--- Given data ---
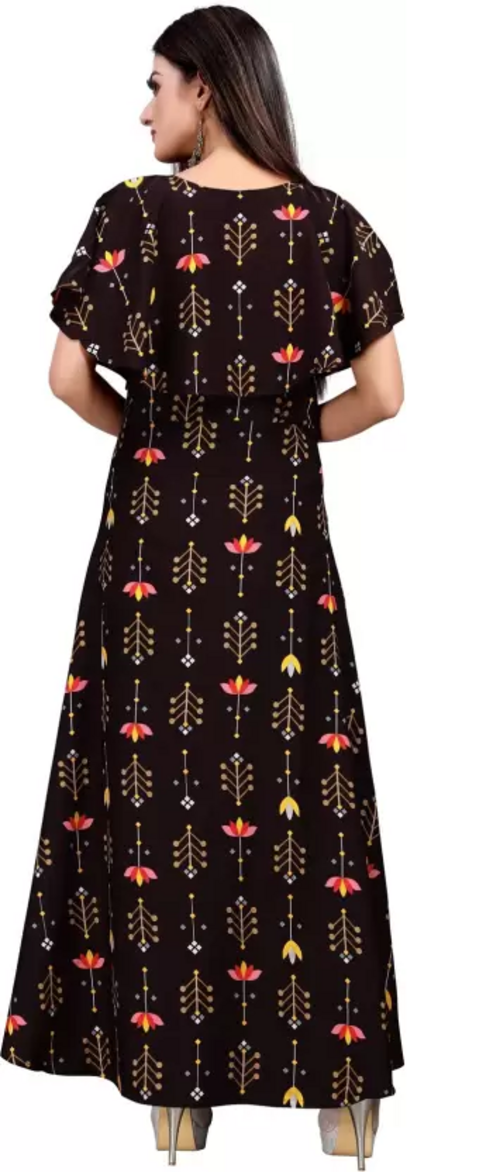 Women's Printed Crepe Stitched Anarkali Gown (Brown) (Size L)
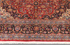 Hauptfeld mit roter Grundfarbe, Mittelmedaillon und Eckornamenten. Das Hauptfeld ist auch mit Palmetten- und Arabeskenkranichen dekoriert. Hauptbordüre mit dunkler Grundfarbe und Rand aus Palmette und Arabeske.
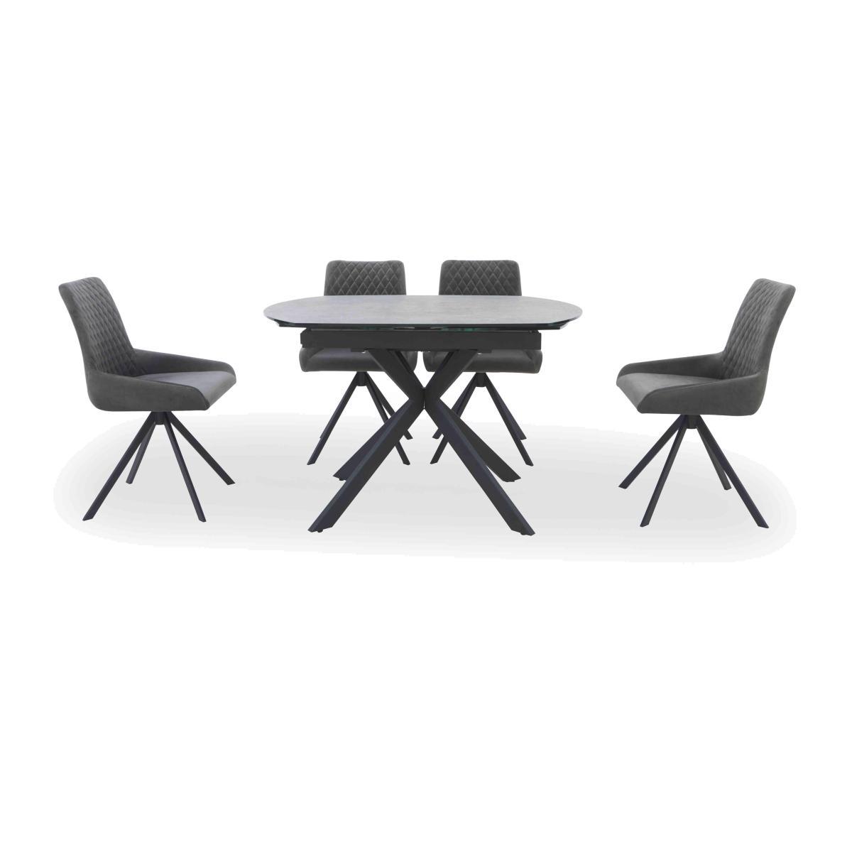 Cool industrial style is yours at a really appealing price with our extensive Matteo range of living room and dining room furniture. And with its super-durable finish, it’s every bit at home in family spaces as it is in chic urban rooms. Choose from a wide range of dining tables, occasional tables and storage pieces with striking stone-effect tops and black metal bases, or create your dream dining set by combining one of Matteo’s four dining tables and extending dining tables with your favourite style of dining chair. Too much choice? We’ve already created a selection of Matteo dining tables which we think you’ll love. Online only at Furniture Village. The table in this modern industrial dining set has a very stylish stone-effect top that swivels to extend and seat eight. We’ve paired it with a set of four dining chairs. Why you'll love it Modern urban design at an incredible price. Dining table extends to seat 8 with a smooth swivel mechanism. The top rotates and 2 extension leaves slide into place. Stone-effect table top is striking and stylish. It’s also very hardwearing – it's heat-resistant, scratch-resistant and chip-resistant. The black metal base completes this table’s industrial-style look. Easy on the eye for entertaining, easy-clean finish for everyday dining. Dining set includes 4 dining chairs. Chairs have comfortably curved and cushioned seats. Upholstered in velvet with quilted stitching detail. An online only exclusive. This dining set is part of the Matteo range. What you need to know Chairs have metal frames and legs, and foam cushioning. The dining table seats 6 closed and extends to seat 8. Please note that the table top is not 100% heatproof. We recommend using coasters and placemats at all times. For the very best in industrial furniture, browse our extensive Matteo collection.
--
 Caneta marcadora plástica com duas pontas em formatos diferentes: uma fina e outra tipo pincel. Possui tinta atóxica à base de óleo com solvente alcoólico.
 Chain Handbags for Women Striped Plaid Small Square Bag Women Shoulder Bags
==
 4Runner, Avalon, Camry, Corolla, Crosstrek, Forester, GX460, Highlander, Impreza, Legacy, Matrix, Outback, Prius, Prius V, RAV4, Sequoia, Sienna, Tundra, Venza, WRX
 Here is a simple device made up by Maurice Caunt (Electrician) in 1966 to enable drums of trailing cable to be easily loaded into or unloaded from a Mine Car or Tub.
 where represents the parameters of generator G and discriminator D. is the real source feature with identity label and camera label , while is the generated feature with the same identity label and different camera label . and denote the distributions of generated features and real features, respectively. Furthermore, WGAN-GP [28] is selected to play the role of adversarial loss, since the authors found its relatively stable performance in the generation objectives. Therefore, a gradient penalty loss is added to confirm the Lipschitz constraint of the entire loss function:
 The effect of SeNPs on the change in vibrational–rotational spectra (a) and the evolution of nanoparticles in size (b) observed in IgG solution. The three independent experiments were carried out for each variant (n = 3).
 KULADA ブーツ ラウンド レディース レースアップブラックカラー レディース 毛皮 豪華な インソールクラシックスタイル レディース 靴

--- Activity ---
For this exercise, reproduce exactly the lines of the records above from the one with "Women's Printed Crepe" up to and including the one with "Cool industrial style", without pictures.

--- Answer to this task ---
 Women's Printed Crepe Stitched Anarkali Gown (Brown) (Size L)
 Hauptfeld mit roter Grundfarbe, Mittelmedaillon und Eckornamenten. Das Hauptfeld ist auch mit Palmetten- und Arabeskenkranichen dekoriert. Hauptbordüre mit dunkler Grundfarbe und Rand aus Palmette und Arabeske.
 Cool industrial style is yours at a really appealing price with our extensive Matteo range of living room and dining room furniture. And with its super-durable finish, it’s every bit at home in family spaces as it is in chic urban rooms. Choose from a wide range of dining tables, occasional tables and storage pieces with striking stone-effect tops and black metal bases, or create your dream dining set by combining one of Matteo’s four dining tables and extending dining tables with your favourite style of dining chair. Too much choice? We’ve already created a selection of Matteo dining tables which we think you’ll love. Online only at Furniture Village. The table in this modern industrial dining set has a very stylish stone-effect top that swivels to extend and seat eight. We’ve paired it with a set of four dining chairs. Why you'll love it Modern urban design at an incredible price. Dining table extends to seat 8 with a smooth swivel mechanism. The top rotates and 2 extension leaves slide into place. Stone-effect table top is striking and stylish. It’s also very hardwearing – it's heat-resistant, scratch-resistant and chip-resistant. The black metal base completes this table’s industrial-style look. Easy on the eye for entertaining, easy-clean finish for everyday dining. Dining set includes 4 dining chairs. Chairs have comfortably curved and cushioned seats. Upholstered in velvet with quilted stitching detail. An online only exclusive. This dining set is part of the Matteo range. What you need to know Chairs have metal frames and legs, and foam cushioning. The dining table seats 6 closed and extends to seat 8. Please note that the table top is not 100% heatproof. We recommend using coasters and placemats at all times. For the very best in industrial furniture, browse our extensive Matteo collection.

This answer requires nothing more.